══ DATA EXTRACT
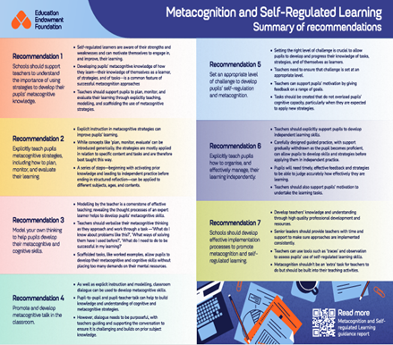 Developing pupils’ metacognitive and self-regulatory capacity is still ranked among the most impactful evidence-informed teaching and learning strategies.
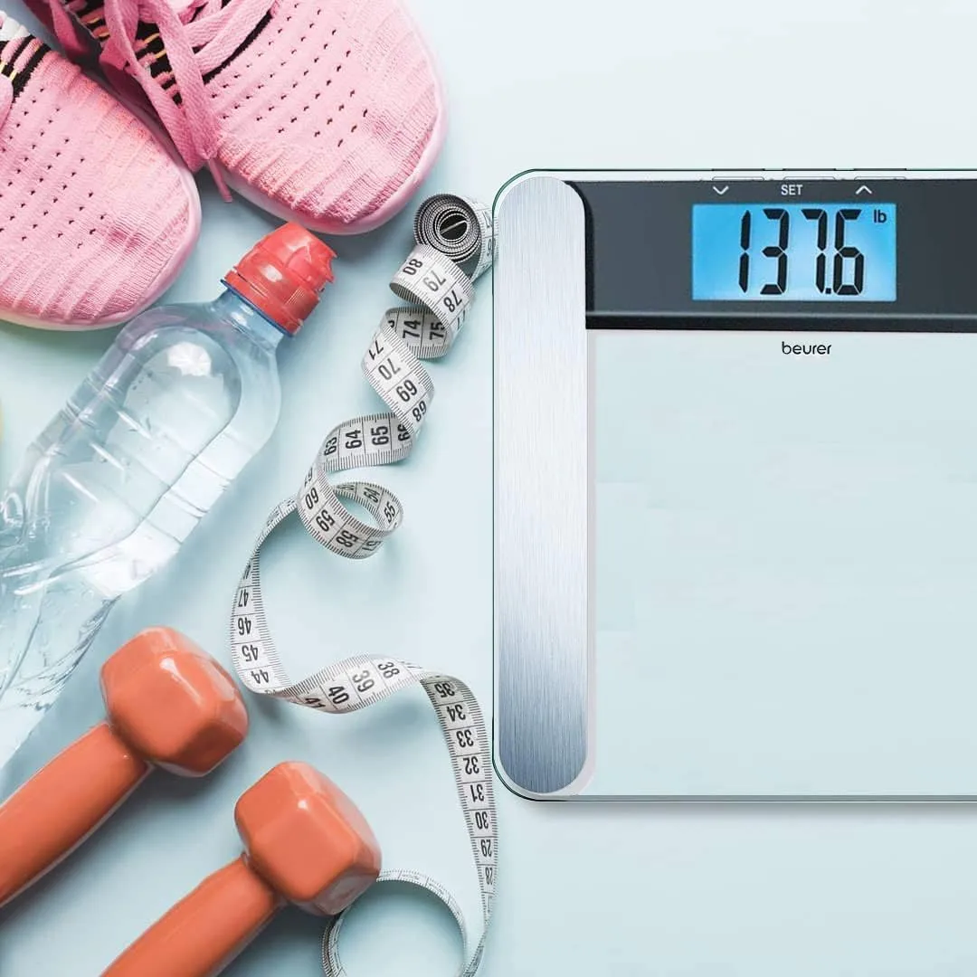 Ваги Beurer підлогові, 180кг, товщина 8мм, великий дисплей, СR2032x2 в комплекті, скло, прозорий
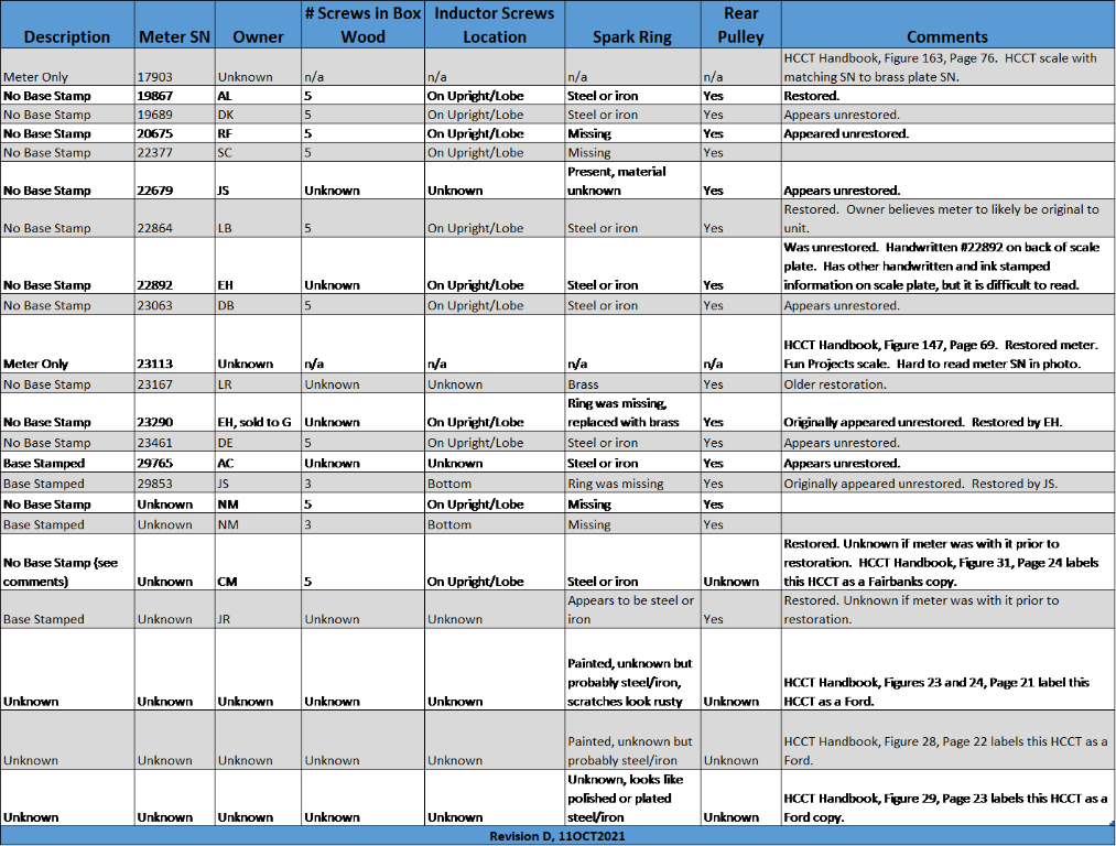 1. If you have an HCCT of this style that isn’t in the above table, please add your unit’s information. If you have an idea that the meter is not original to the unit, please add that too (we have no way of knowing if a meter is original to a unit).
════
▸ **WHAT TO PRODUCE**
Exact copy, no pictures: reproduce the whole listing above.

▸ **THE COMPLETED TASK**
 Developing pupils’ metacognitive and self-regulatory capacity is still ranked among the most impactful evidence-informed teaching and learning strategies.
 Ваги Beurer підлогові, 180кг, товщина 8мм, великий дисплей, СR2032x2 в комплекті, скло, прозорий
 1. If you have an HCCT of this style that isn’t in the above table, please add your unit’s information. If you have an idea that the meter is not original to the unit, please add that too (we have no way of knowing if a meter is original to a unit).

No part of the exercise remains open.